PROBLEM TO WORK ON –
With the pictures omitted, please transcribe exactly the lines beginning at the one that contains "木によってはほころびかけの花" and ending with the last line of the records below.

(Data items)
————————

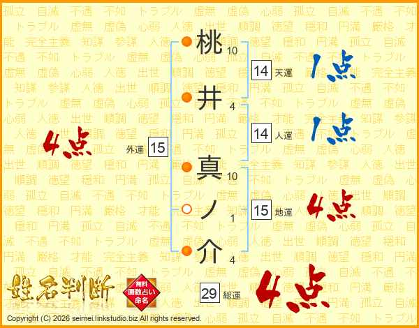 桃(10画)井(4画) 真(10画)ノ(1画)介(4画)
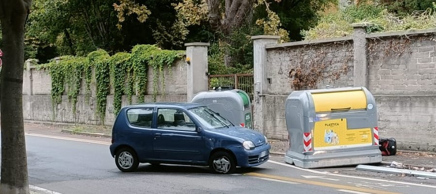 L’utilitaria che si vede nelle illustrazioni è finita – per motivi che sono al vaglio della Polizia Locale, tempestivamente giunta sul posto – contro i cassonetti della raccolta plastica e vetro.
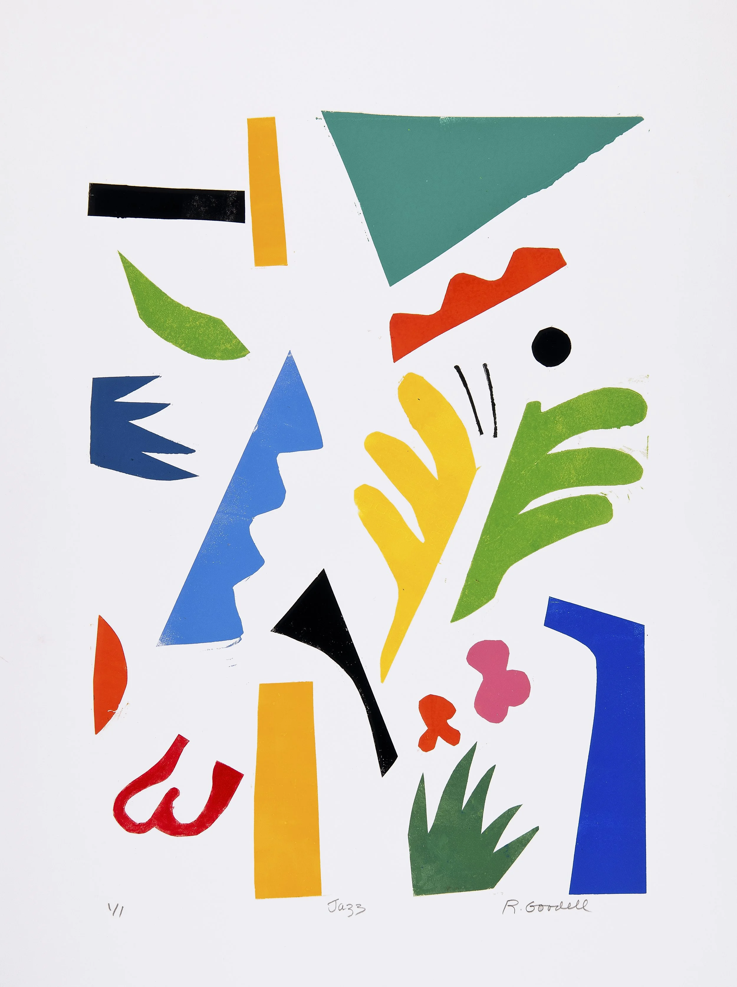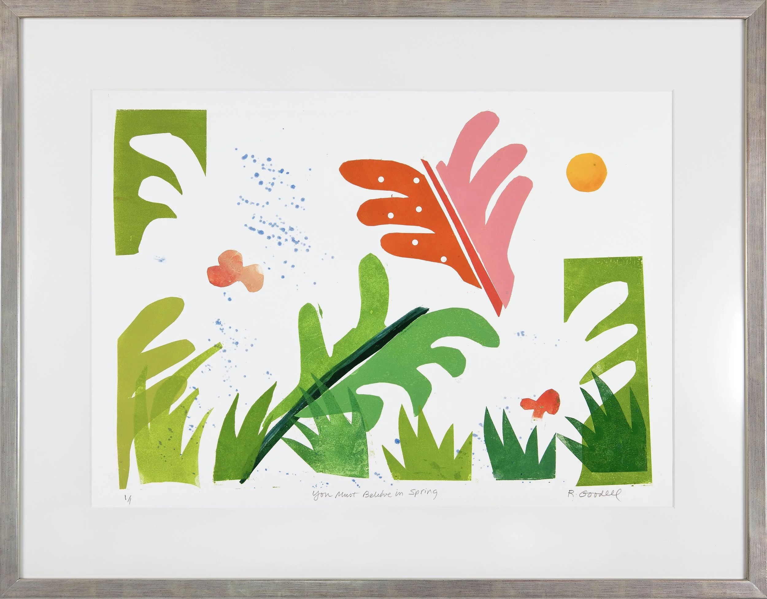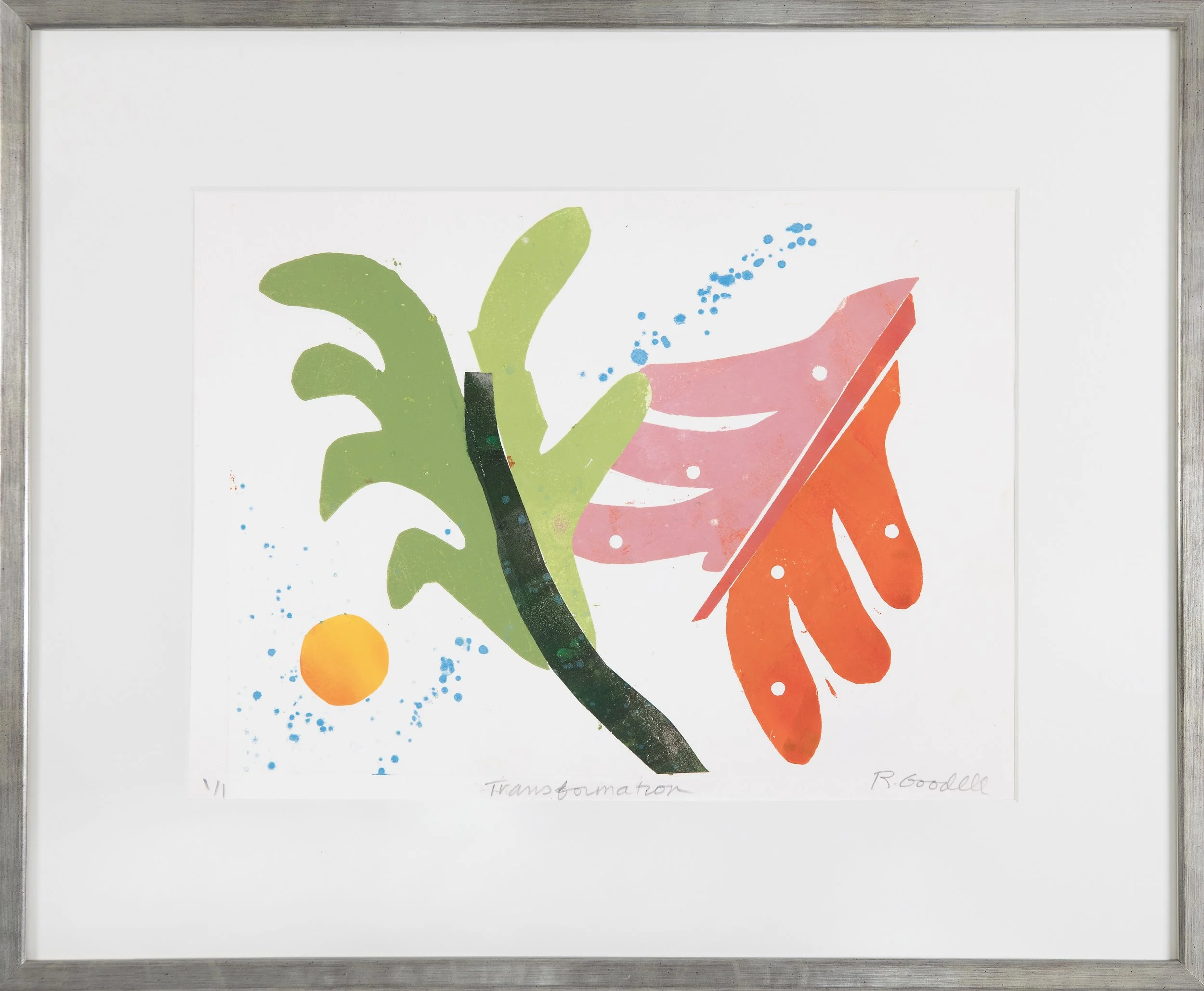 Goodell focuses her studio practice on creating monoprints, a one-of-a-kind print created by arranging pre-inked shapes and patterns onto a plexiglas plate. The plate is then set on a printing bed, covered by acid free paper and run through a heavy press which transfers or “prints” the shapes and colored inks onto the paper. Monoprints are different than other forms of printmaking in that the artist only uses the plate and design once - no exact image or colored arrangement is repeated.
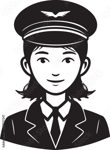pilot, airman, captain, flight, aviation, aircraft, aeroplane, cockpit, uniform, airline, transport, travel, sky, flying, navigation, professional, occupation, job, woman, female, avatar, portrait, head shot, character, illustration, hand-drawn, silhouette, shape, bold, monochrome, black, white, minimal, minimalism, simple, clean, modern, flat, vector, graphic, icon, profile, isolated, background, digital, editable, clip art, front view
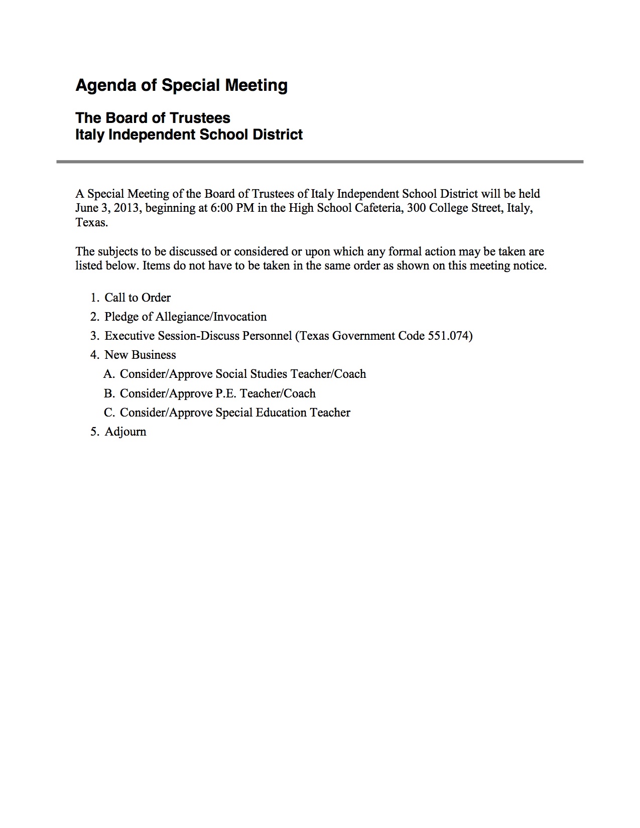 Agenda: Italy ISD School Board Called Meeting – Monday, June 3, 2013 « previous story album next » Download original photo
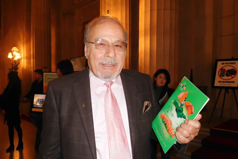 神韵艺术团今年在旧金山歌剧院八天九场的演出,吸引众多当地各界精英名流慕名前来观赏。知名小提琴家Gerard Jirayr Svazlian出生在亚美尼亚,他自一九八一年起就是旧金山交响乐团的终身成员,目前在旧金山音乐学院教授小提琴。二零一七年一月五日晚,Svazlian先生欣赏了神韵纽约艺术团在旧金山歌剧院的第五场演出。Svazlian先生表示:“我觉得他们应该获得所有的掌声,应该获得全世界所有的荣誉 。”
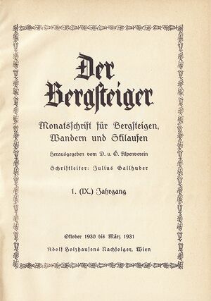 Vor allem aber legte Alfred Bruckmann sein Augenmerk auf die Reise- und Bergliteratur. 1927 wurde eine eigene "Abteilung für Alpine Literatur" im Bruckmann Verlag eingerichtet. In den Folgejahren kam es zu einer engen Zusammenarbeit mit dem Deutschen und dem Österreichischen Alpenverein. Seit 1930 erscheint bei Bruckmann außerdem die bis heute bestehende Zeitschrift "Der Bergsteiger", die 1934 amtliches Organ des "Fachamtes Bergsteigen im Deutschen Reichsbund für Leibesübungen" wurde.
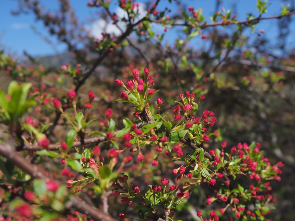木によってはほころびかけの花もありましたが、まだまだ赤いつぼみが目立ってきた!という段階です。
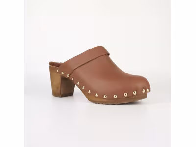 Clogs combining artisanal elegance and cozy comfort, thanks to their leather upper, classic wooden sole, and sheepskin insole; their gold studs and 7 cm heel add a sophisticated touch while remaining 100% made in France.

————————

SOLUTION TO THIS PROBLEM –
木によってはほころびかけの花もありましたが、まだまだ赤いつぼみが目立ってきた!という段階です。
 Clogs combining artisanal elegance and cozy comfort, thanks to their leather upper, classic wooden sole, and sheepskin insole; their gold studs and 7 cm heel add a sophisticated touch while remaining 100% made in France.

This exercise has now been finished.